And truly, Sung Hyunjae is still excelling, because no one ever comes to reprimand him. His quality of work is so high that even in unusual positions—it would be interesting, he thinks, if he could gain the skills of a contortionist—he is unaffected.
Sung Hyunjae has not given up. He is not going to waste away in this room forever. He has a life outside, that he is sure of.
This is prevention against total insanity, this is not giving up. It’s simply him thriving. That is important, even he can agree with that.
He’s not giving up, he’s not. He’s not and he’s not and did he mention that he’s not going to? Because he can say it again, he’ll say it for as long as he can, will say it as many times as possible.
He’s not
Sung Hyunjae isn’t quite certain as to why he must do the job that he does. Or no, that’s not a new question.
Sung Hyunjae isn’t quite certain as to what this job that he does is for.
Yes, yes. That’s better.
Now, the job that he does. He, in the simplest of words, in the most basic language, in an attempt to disregard all use of flourishes to aid in comprehension, staples sheets of paper to each other.
He knows people would laugh, but that’s just because they don’t understand. Putting something in simple language strips it of its mystique, of its meaning.
If this were all just stapling papers, he wouldn’t be here. Sung Hyunjae would not be the man called upon to do this job, because anyone can do that.
No, these papers are special. They are vital. Sung Hyunjae staples packets together, to be sure, but most importantly, when the first packets come through the slot with a stapler in what used to be the morning but now is whenever, he is entrusted with a very important task because the papers are special.
Perhaps that comes across as desperate. Sung Hyunjae is long past making up faces for people in his head, and so, he no longer really cares how he’s seen. If he speaks strangely, excuse him. The audience in his mind needs to be more understanding.
His mouth, he thinks, has forgotten how to shape words and this throat doesn’t remember how to modulate his voice.
Regardless, Sung Hyunjae does his job well.
Perhaps that is the reason why he can never leave. If his job is done so well, then no one can be found to replace him. Truly, Sung Hyunjae is a genius.
The thought is pleasing and with the edges of the stapler, he carves genius onto the white walls.
If he steps back, he can’t see it at all.
Nothing bothers him at all. Nothing bothers him and so there’s nothing that disrupts life here. If life is what this is.

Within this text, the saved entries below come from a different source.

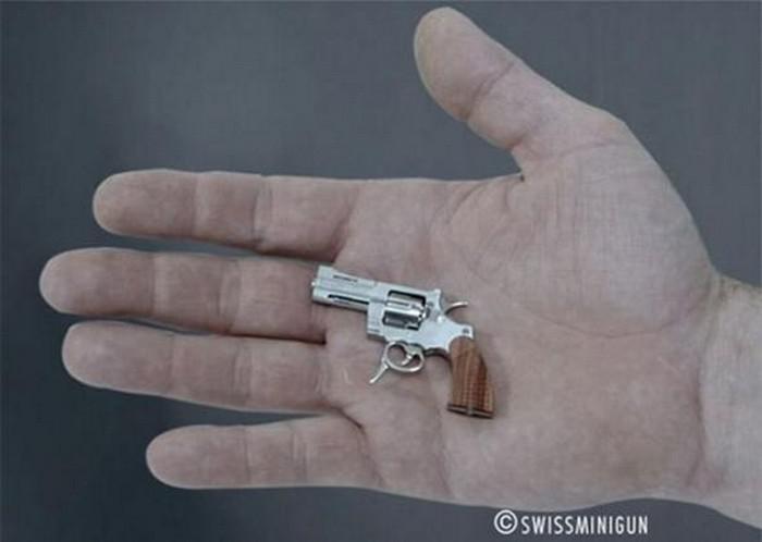 Длина этого швейцарского чуда составляет всего 5 с половиной сантиметра, а диаметр пуль — 2,34 мм. Тем не менее, скорость полета его пули равна почти 120 км в час, а дальность стрельбы составляет 112 метров.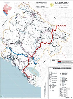 [[Slika:Montenegro motorways.JPG|minijatura|desno|250px|Karta autoceste Bar-Boljare.]] | [[Slika:Montenegro motorways.JPG|minijatura|desno|250px|Karta autoceste Bar-Boljare.]] | ||
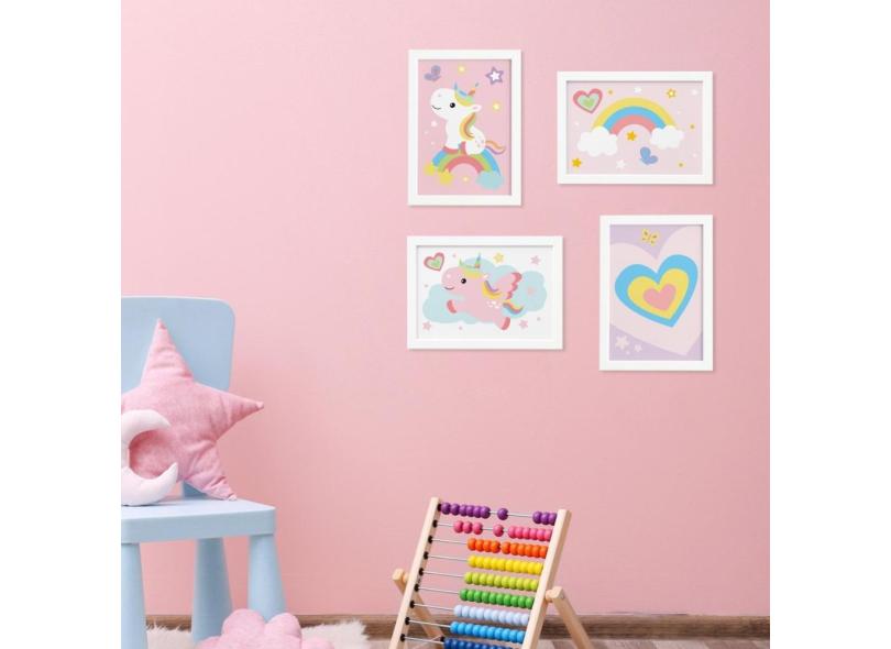 Quadros para Quarto Unicornio 22x32cm Moldura 4un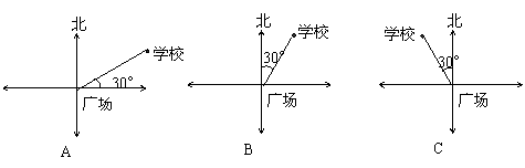 广场为观察点,学校在北偏西30°的方向上,下图中正确的是( )。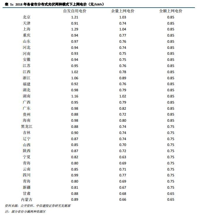 全額上網(wǎng)電價(jià)=光伏標(biāo)桿電價(jià)(分一、二、三類資源區(qū))。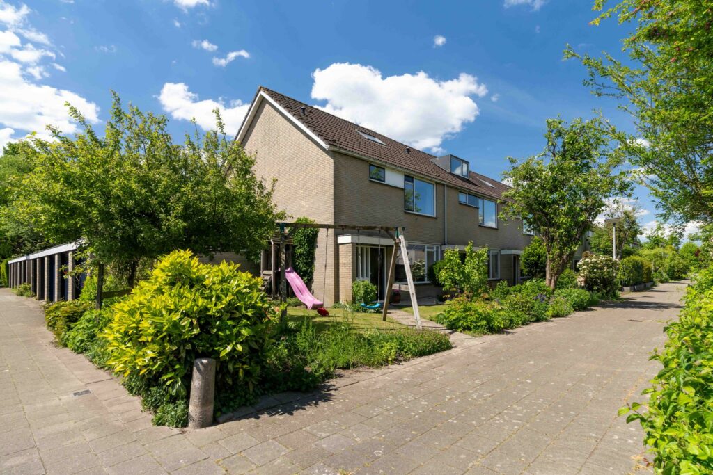 De grote voortuin loopt over in een royale zijtuin. Deze is rijkelijk begroeid met diverse planten en bloemen. Tegelijkertijd is het een ideale plek voor kinderen om te spelen met ruimte genoeg voor meerdere speeltoestellen.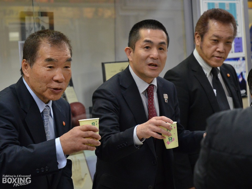 開場後には、花形協会長と新田渉世事務局長が後楽園ホールのエントランスで来場者を迎え、恒例のお神酒を振舞った。いよいよスタートしたオリンピックイヤーのボクシング界。今年も選手たちの安全と活躍を願って止まない。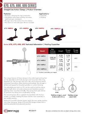 Series 670, 675, 690, 695 Technical Information | Holding Capacities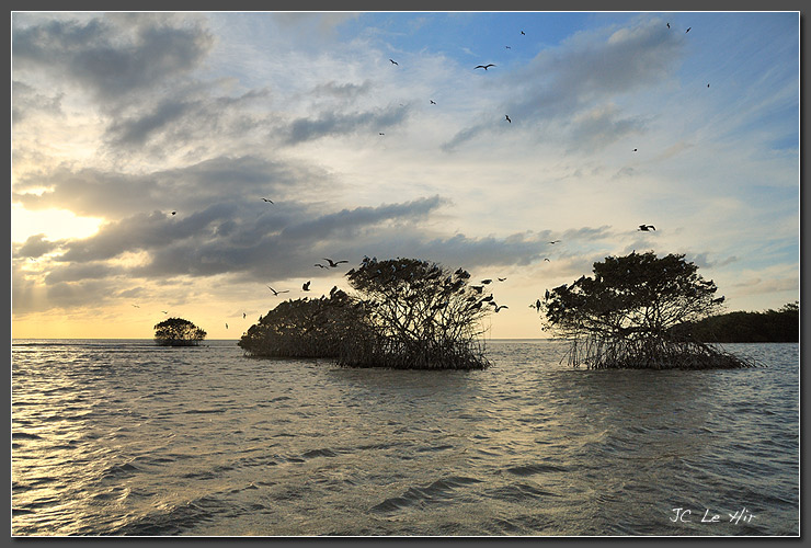 | En fin de journée, certains des îlets de Palétuviers sont très fréquentés par de nombreux oiseaux qui les adoptent comme dortoirs. |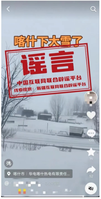 详情:3月11日,有网民在某短视频平台发布信息称“新疆喀什下大雪了”。经喀什市气象局核实,该信息不实,当日喀什市天气多云间晴,日最高气温18.7℃,最低气温6.9℃,出现5级以上西北阵风,无降雪天气。但该自媒体账号为博取流量,编造与事实不符的信息,混淆视听、误导网民,造成不良社会影响。目前,相关违法不实信息已全部下架。(来源:“喀什市网络辟谣”微信公众号)

Sung Hyunjae knows much about the meaning of words. He used to be surrounded by all of them. They used to be on all the papers and now they’re not.
See, Sung Hyunjae only sees that which is new. All those words, when he was young and just started at this job, were unfamiliar. But he has learned so much since then that none of the words register anymore.
Perhaps that’s why he can’t see anything on the walls when he’s not up close.
Perhaps that’s why he’s stopped hearing the sounds of life outside the slot.
… Perhaps there used to be other people in the room with him here.
He starts to hide his hands from his view, looks away whenever he catches some glimpse of a part of him.
Nothing bothers him at all. And he can ensure that such a life is…
Well, it is very quiet.
This is something that Sung Hyunjae won’t admit to anyone else. A man of his status cannot just reveal anything that can be perceived as a shortcoming. Sung Hyunjae is not an idiot.
But, Sung Hyunjae will confess that the matter of his memory does cause some issues.
Sung Hyunjae does not remember a life before waking up in the white box. That has not changed and he is starting to think it never will.
But sometimes, he gets glimpses of other worlds, other lives. He sees himself as strong and powerful, he sees men he doesn’t recognize but that he thinks he should.
That first fact doesn’t surprise him. It fits neatly into how he should be—no, how he is. Sung Hyunjae still means something.
So, when he sees a stranger that seems to have his frame, that has the blond hair he sees peeking at the edges of his perception, he knows that’s him.
(This version of him, his eyes are gold. He supposes it fits with his hair.)
But the other faces?
Sung Hyunjae doesn’t know what his face looks like, much less what any face should look like.
Perhaps what he looks at in these random impressions are not faces. Maybe he is even wrong with how he thinks faces are constructed. After all, he can feel his own face all that he likes, but that doesn’t make up for actually seeing it.
There are men and a woman who are built like him, who feel like him, though different in a key way or two. There’s one of these faces he holds with particular fondness, though he doesn’t know why he feels affectionate toward a man dressed in the plainest business clothes with a straightforward haircut and an incredibly still face.
There’s other faces he glimpses. Men and women following him. A man opposite of him, challenging him, as though he were more powerful than Sung Hyunjae, the Se—
He doesn’t know where that thought goes. Even now, he can’t fully remember that last man’s face.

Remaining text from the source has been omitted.